While this does not pose a major macroeconomic challenge where global savings and investments reach $20 trillion per annum, “public policies that reduce risk are needed to reduce the cost of capital for long-term sustainable infrastructure investment and extra support will be required for developing countries,” the report states, as reported in Business Standard. Investors, businesses and governments must act immediately to halve global carbon emissions by 2040. Half of carbon emissions by then could come from combining the decarbonisation of power generation in heavy industries and electrification in the transport and building sectors.
The report underlines that economic growth and affordable, reliable and clean energy are not mutually exclusive, and thinking them together will contribute to observing the Paris Agreement objective of reducing global warming well below 2 degrees Celsius. Cost-effective, clean electricity has become unstoppable due to the falling costs of renewables and batteries, and there is still space to improve energy productivity (the energy intensity of GDP). With appropriate policies in place, it would be possible to build power systems that rely on renewable sources for 80-90% of supply within 15 years and deliver electricity able to compete with the fossil fuels-based power generation.
The ETC’s stated purpose is to “accelerate change towards low carbon energy systems that enable robust economic development and limit the rise in global temperature to well below 2 degrees Celsius.”
“Despite the scale of the challenges facing us, we firmly believe the required transition is technically and economically achievable if immediate action is taken. We are ambitious but realistic,” said ETC Chair Adair Turner.
“This is not just another plan; it’s a better plan,” added co-chair Ajay Mathur. “We show how the world can remove barriers to transform challenges into opportunities, not only in advanced economies, but also in emerging countries.”
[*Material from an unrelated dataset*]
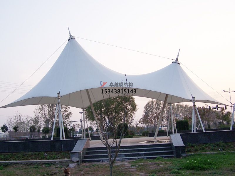 膜結構可實現(xiàn)大跨度 ,膜材較薄 ,可任意彎曲形成曲面 。 這就給了設計師廣闊的空間來發(fā)揮他們的想象力,打破傳統(tǒng)建筑純直線的桎梏 ,使得他們能夠更加隨心所欲地表達 自己的想法。膜結構的建筑因此具有外形自由而流暢 ,以曲面為主,色彩斑斕,造型變化豐富 ,充滿結構之美等特點 ,其展示語言和展示手法異常豐富 ,充滿創(chuàng)造力和藝術性 。這就使得膜結構在景觀領域的應用范圍更加廣闊 。膜結構不僅可以做供 小區(qū)居民遮風避雨 、休憩活動的小品 ,滿足人們戶外活動的需求 ,而且當它與城市風景 、園林風景等不同類型的景觀結合時 ,能獲得不同的景觀效果 。 特別的是 ,它的造型可變而隨機,可利用在地形復雜的山地公園或街道建造一些步行的廊道和休憩涼亭。 或是應用于密閉性可變的場所 ,例如停車場 、游泳池 、步行街等 ,可以根據(jù)天氣或需求的變化而改變其閉合狀態(tài) ,例如由全封閉改為半封閉等 。

Meanwhile, the ETC warned that U.S. plans to withdraw from the Paris Agreement would slow progress and increase the cost of transition, including for the U.S. itself, making it “more difficult for American businesses to seize the economic opportunities offered by a low-carbon pathway and develop U.S. leadership and competitive advantage in these new sectors, (limiting) the benefits of the transition for American businesses and impact negatively jobs creation. If the U.S. steps down from leading the energy transition globally, other countries are ready and eager to step up and take the lead.”